Товарищ Лебедев встал со скамьи и, зацепившись за холодную решетку, прижался к ней лицом, чтобы увидеть происходящее за пределами камеры.

— Мордой не вышел! — весело крикнул он молодому депутату.

— Успокойтесь, гражданин… — увещевал дежурный.

— Я вообще-то еще и депутат! — сообщил Андрей Семенович, помахав корочкой перед носом дежурного. — Если нет оснований для задержания, то я требую немедленно отпустить товарища Лебедева. Иначе я звоню в Службу собственной безопасности.

Двое толстых, заспанных мента в расстегнутых брониках выползли из-за угла и устало наблюдали за противостоянием.

— Дана ориентировка. Успокойтесь.
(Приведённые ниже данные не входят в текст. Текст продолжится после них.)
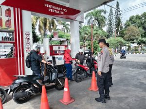 Petugas memberikan himbauan kamtibmas kepada masyarakat yang sedang mengisi bahan bakar agar selalu waspada terhadap lingkungan sekitar, menjaga barang bawaan, serta menghindari tindakan yang dapat memicu tindak kejahatan. Selain itu, petugas juga mengingatkan pentingnya kewaspadaan terhadap potensi kejahatan seperti pencurian, penipuan, maupun aksi kriminal lainnya.

Проведем проверку и отпустим вашего товарища, — скучным тоном уведомил Андрея Семеновича дежурный.

— Это чудовищное попрание прав человека для вас не останется безнаказанным! — пригрозил в ответ депутат.

За неделю до задержания товарищ Лебедев по всем протестным группам искал единомышленников. Он задумал сорвать гадкое, холуйское мероприятие по запудриванию людям мозгов. Массово освистать и прогнать надменного бонзу, чтобы тот и подумать не смел, будто весь округ у него в кармане. Он и его подхалимы пусть жопами чуют, что сидят на воспламенившейся бочке с порохом. Товарищ Лебедев станет управлять их страхом.

"Будет интересно!" — Пообещал он под конец своего воззвания к активистам.

И действительно, стоило ему только появиться на территории школы, как его тут же приняли. По счастливому стечению обстоятельств проходивший мимо, молодой муниципальный депутат Андрей Семенович, хоть и был ему идеологическим оппонентом, кинулся его спасать, но мусора были непреклонны. Андрею Семеновичу пришлось ехать вслед за ними и товарищем Лебедевым в отделение.

— Лебедев, на выход! — объявил тщедушный, рябой мент и лязгнул замком.

Встреча с префектом закончилась и его выкинули на улицу. Тепло распрощавшись с Андреем Семеновичем, товарищ Лебедев шел домой и думал, что этим мразям всем недолго осталось.

А на следующий день он с сожалением узнал, что префекта освистали за благоустройство парка и без его деятельного участия.


Обеспокоенная более нас всех существованием тайной схемы, способной заставить федералов вмешаться в дела столицы, Псина Ушастая сдалась первой и скачала труд товарища Лебедева, широко разрекламированный им самим по протестным группам. За проявленную щедрость ее постигло жестокое разочарование. Единственная схема, которую она обнаружила в книжке, была передернута с учебника обществознания для восьмых классов. На ней была изображена структура органов государственной власти и местного самоуправления, сплоченных вокруг большого прямоугольника, внутри которого заглавными буквами было написано "НАРОД".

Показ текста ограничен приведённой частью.